Questo nipote mi sarà inviato fra molti anni, quando sarà il momento giusto”. Quando il mio amico qui di fronte a me udì i termini dell’accordo, rifiutò immediatamente dicendo: “Preferirei morire piuttosto che sacrificare mio nipote a te, bestia senza nome”. Udendo queste parole la bestia impazzì e ruggì con rabbia e per la paura accettai l’accordo in modo da salvare la mia famiglia, il mio villaggio e noi due dalla morte.
“Poiché tu, signor Hasira, hai accettato la mia proposta, manderò la pioggia e il vostro villaggio, sarà salvato. Per quanto riguarda il tuo amico risparmierò la sua vita ma vedrà i membri della sua famiglia morire a uno a uno e non potrà far nulla per salvarli. Da oggi in poi non vedrà né parlerà. Quando parlerà di nuovo, sarà il segnale che è venuto per te il momento di mandarmi il tuo primo nipote”».
A quelle parole Imani si girò immediatamente verso suo fratello e lo strinse come se la sua vita dipendesse da lui mentre le lacrime cominciarono a scorrerle lungo le guance. Nguvu perse tutte le forze e cadde per terra. Gli mancavano le forze e non sapeva come reagire. L’unica cosa che riusciva a fare era mormorare. «Mi dispiace Nguvu, non immaginavo che questo giorno sarebbe arrivato, mi dispiace». Dopo aver pronunciato queste parole, il signor Hasira chinò lo sguardo per la vergogna.
Il vecchio mugugnò per il dolore e seppe che era giunto il momento di ricongiungersi ai suoi antenati. Guardò Nguvu e con il suo ultimo respiro disse: «Nguvu, fai la cosa giusta. Fai ciò che ti dice il cuore». Le membra del vecchio caddero al suolo ed era morto. Il silenzio riempì la piccola capanna fiocamente illuminata.

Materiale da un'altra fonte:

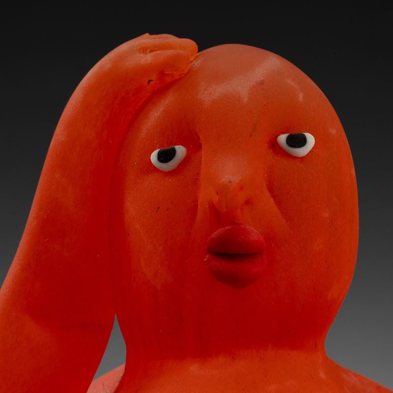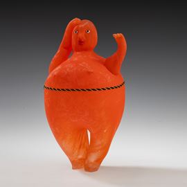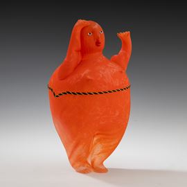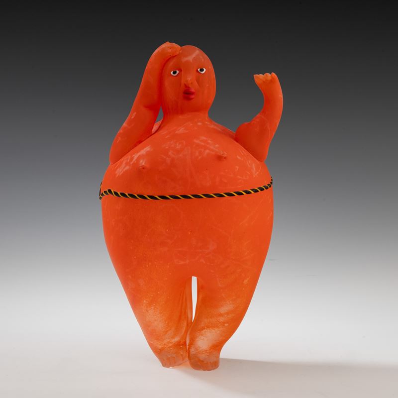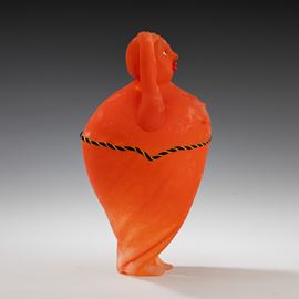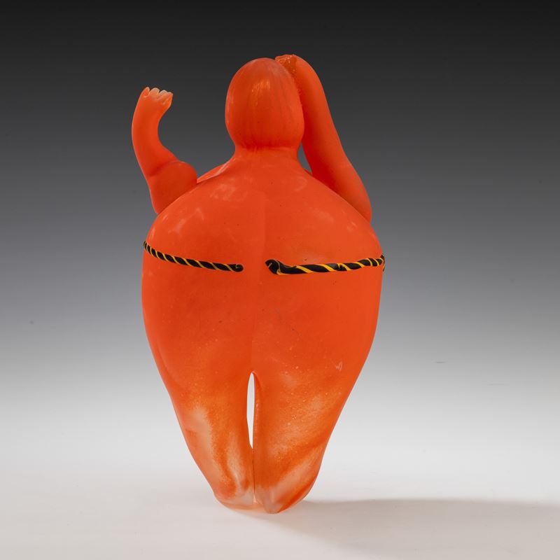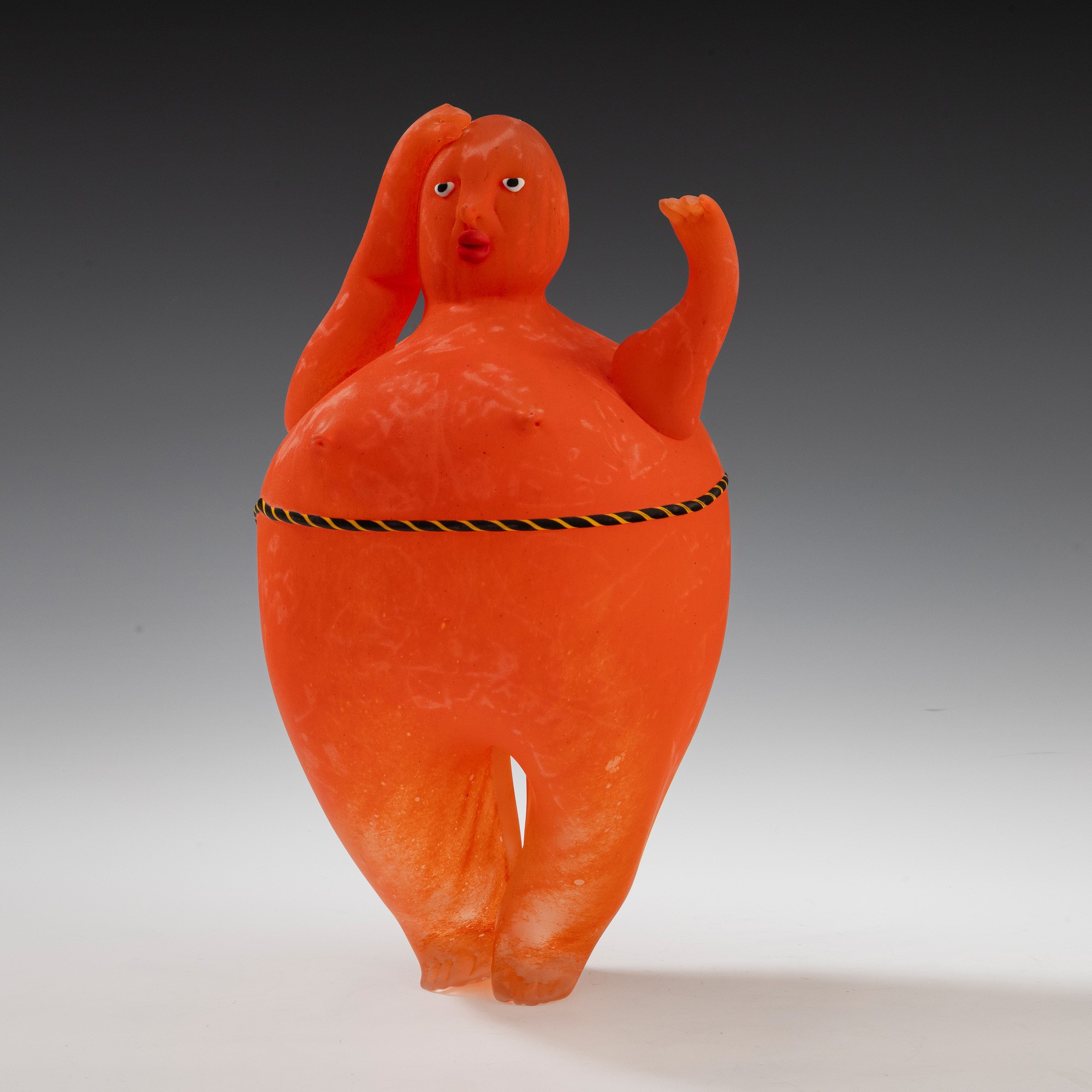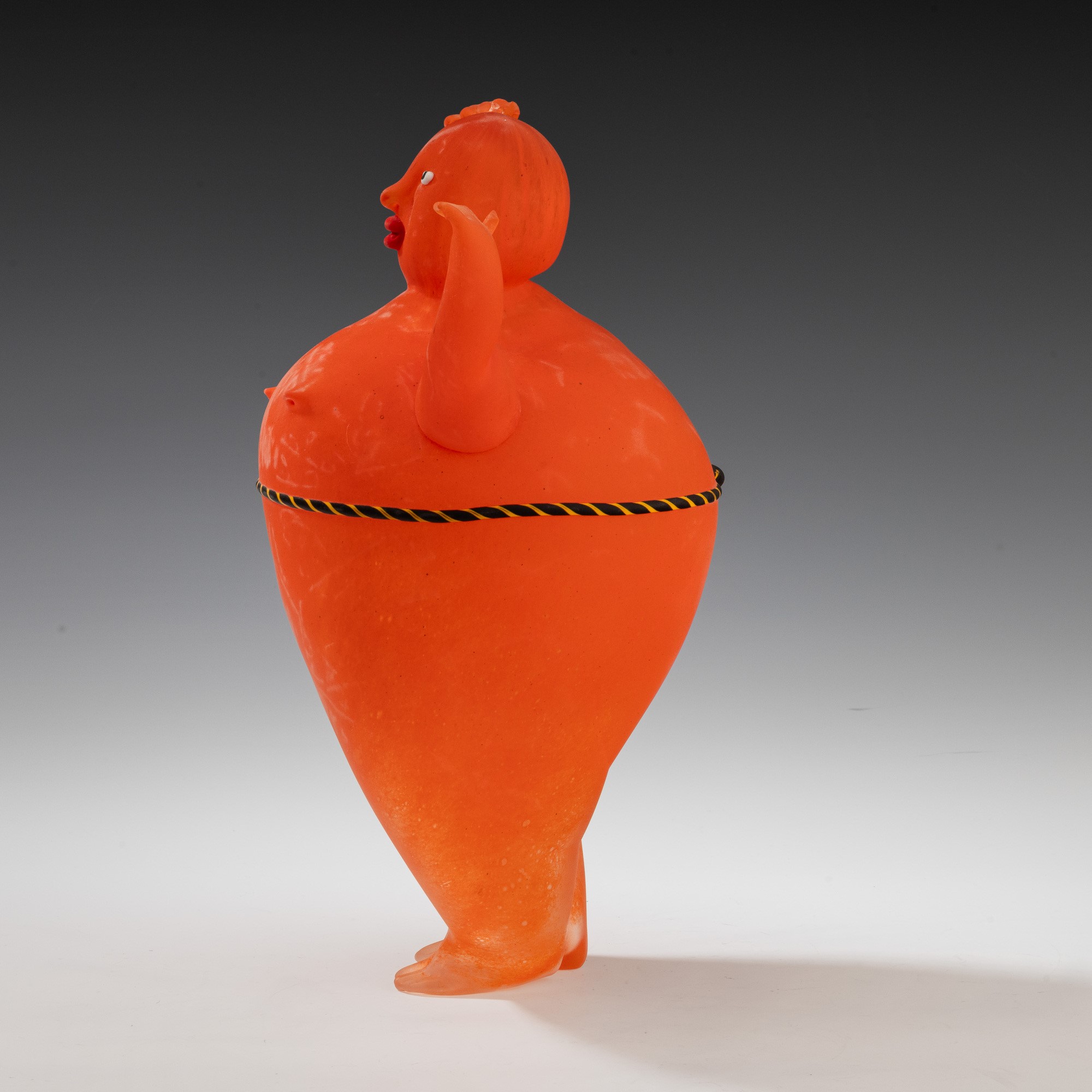 Figura antropomorfa in vetro soffiato arancione con applicazioni policrome a caldo.

«Nonno, cosa hai fatto? Perché lo hai fatto?» chiese Imani tra i singhiozzi e la rabbia. Con una voce piena di dolore Nguvu disse: «No, Imani, non accusarlo. Lo ha fatto per salvare la nostra famiglia e questo vecchio oltre noi. È il destino». Nguvu risentì la voce del vecchio che gli sussurrava: «Nguvu, fai la cosa giusta. Fai ciò che ti dice il cuore». Nguvu obbedì al vecchio e seguì il suo cuore. Si avvicinò al nonno e con l’amore nelle mani lo sollevò e lo abbracciò forte mentre sussurrava:
«Ti amo ancora nonno e capisco». Mentre le lacrime sgorgavano copiose dagli occhi del signor Hasira egli abbracciò suo nipote. Imani li raggiunse e strinse suo nonno e suo fratello.
Mentre erano ancora abbracciati, il signor Hasira disse: «Devo dirvi qualcos’altro».
Sia Imani che Nguvu si allontanarono e ascoltarono.
«Quella bestia ci disse che se i miei nipoti avessero scelto di perdonarmi e di amarmi anche dopo aver scoperto la verità, la maledizione sarebbe stata spezzata da quell’amore. Grazie per avermi perdonato e per aver scelto di amarmi di vostra volontà».
I tre esultarono e si abbracciarono mentre pianificavano la sepoltura del vecchio che avrebbe avuto luogo il giorno seguente.
L’amore li aveva salvati dal dolore e dalla disperazione e il loro legame ne fu rinforzato.